Exercise-induced changes in inflammatory processes: Implications for thrombogenesis in cardiovascular disease.

Author information

1
Haemostasis, Thrombosis and Vascular Biology Unit, University of Birmingham Centre for Cardiovascular Science, City Hospital , Birmingham , United Kingdom.

Abstract

Sedentary lifestyle is a risk factor and a strong predictor for chronic disease and premature death. Low-grade inflammation has been proved a key player in the pathogenesis of cardiovascular disease. Inflammatory processes have been also involved in maintaining the balance between coagulation and fibrinolysis. In addition, an inverse linear dose-response relation between physical activity and mortality risks has also been reported. However, the favorable effects of structured exercise programs and the independent contribution of physical activity to cardiovascular risk are still under investigation. In response to heavy exercise, interleukin-6 (IL-6) is secreted by contracting skeletal muscles, followed by an acute reactant release of C-reactive protein (CRP).
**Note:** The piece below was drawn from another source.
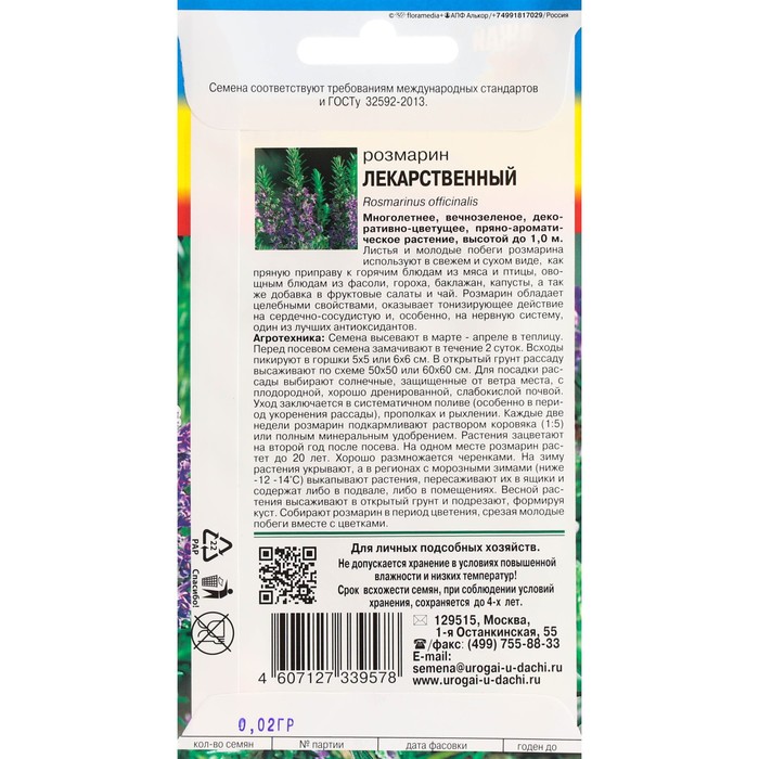 Многолетнее, вечнозеленое, декоративно-цветущее, пряно-ароматическое растение, высотой до 1,0 м. Листья и молодые побеги розмарина используют в свежем и сухом виде, как пряную приправу к горячим блюдам из мяса и птицы, овощным блюдам из фасоли, гороха, баклажан, капусты, а так же добавка в фруктовые салаты и чай. Розмарин обладает целебными свойствами, оказывает тонизирующее действие на сердечно-сосудистую и, особенно, на нервную систему, один из лучших антиоксидантов.

Both CRP and IL-6 can stimulate monocyte tissue factor production, provoke platelet hyperreactivity, promote fibrinogen biosynthesis, and enhance microparticle formation and erythrocyte aggregability, thus triggering prothrombotic state. By contrast, regular exercise and physical activity are protective against all-cause mortality through suppressing pro-inflammatory cytokine production, enhancing anti-inflammatory mediators and antioxidant development, and promoting fibrinolytic activity. Low-load resistance exercise also plays an advantageous role in thrombogenesis by reducing inflammatory processes and potentiating fibrinolytic features. In the present review article, we provide an overview of the impact of different modes and intensities of physical activity on vascular inflammation and thrombogenesis.

KEYWORDS:

Erythrocyte aggregability; exercise; inflammation; leukocyte activation; thrombosis

PMID:
25012964
DOI:
10.3109/07853890.2014.927713
[Indexed for MEDLINE]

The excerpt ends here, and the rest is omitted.